Project Report on Digital Analytics
- Country :
Australia
Objective
The goal of the individual project is to combine and implement all the research and analytical skills you acquired throughout the five training modules (1-5). You are tasked with completing an entire project from hypothesis to results, reporting on the process and the outcomes in a 1,500 to 2,000-word research paper. Although you get quite some help with the data collection, the processing, analysis, and visualisation are up to you. You will have to assemble Python code to accomplish this.

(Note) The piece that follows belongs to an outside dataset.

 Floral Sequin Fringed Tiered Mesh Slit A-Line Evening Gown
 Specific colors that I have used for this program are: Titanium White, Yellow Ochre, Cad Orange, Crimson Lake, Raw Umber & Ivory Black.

Independence is key. Although we will extensively train all the required steps in the learning materials and tutorials, it is up to you to knit everything together, make your own logical decisions and explain them. That is the whole point of this project. When you work as a professional analyst, you will only get an overview of a problem and maybe some requirements. It is your responsibility to deliver, make decisions, and come up with solutions. That said, if you read through this document, you will find numerous tips and tricks to get you started and guide you through the process.

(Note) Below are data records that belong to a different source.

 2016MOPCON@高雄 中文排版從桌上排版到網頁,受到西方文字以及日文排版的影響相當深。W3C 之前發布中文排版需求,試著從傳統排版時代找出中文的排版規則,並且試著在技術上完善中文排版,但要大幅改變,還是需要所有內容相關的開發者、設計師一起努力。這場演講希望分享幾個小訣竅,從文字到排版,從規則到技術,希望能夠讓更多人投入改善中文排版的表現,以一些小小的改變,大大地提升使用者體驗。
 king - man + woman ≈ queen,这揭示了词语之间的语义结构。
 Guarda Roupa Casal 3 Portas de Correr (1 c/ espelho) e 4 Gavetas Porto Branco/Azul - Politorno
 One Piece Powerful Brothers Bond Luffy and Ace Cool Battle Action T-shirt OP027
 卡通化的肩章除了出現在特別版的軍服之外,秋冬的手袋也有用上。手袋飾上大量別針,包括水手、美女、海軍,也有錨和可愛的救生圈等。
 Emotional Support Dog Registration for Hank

You will inevitably get stuck a few times. Do not let it discourage you. That is just the way it goes with any project. Plan ahead, sensibly combine the skills that you acquired throughout the course, and critically weigh the benefits and limitations. There is not one single approach. There will be plenty of opportunities to interact with the teaching staff during the semester and discuss your progression. The last weeks of the semester, prior to the deadline, are entirely allocated to Q&A about this final project. However, try to start as early as possible.
The problem
It is often said that popular music increasingly homogenises. It all sounds the same in favor of synthetic dance music with the same sound colour, rhythm, and tempo. Music used to be much more diverse. Ok, boomer.
In your project, you will contextualise this assumption in literature and empirically put it to the test by comparing the top hits of the past 50 years for their key audio features (1970-2020). You need to mold this research problem into a testable hypothesis. A hypothesis is a specific, concise, testable, and refutable statement.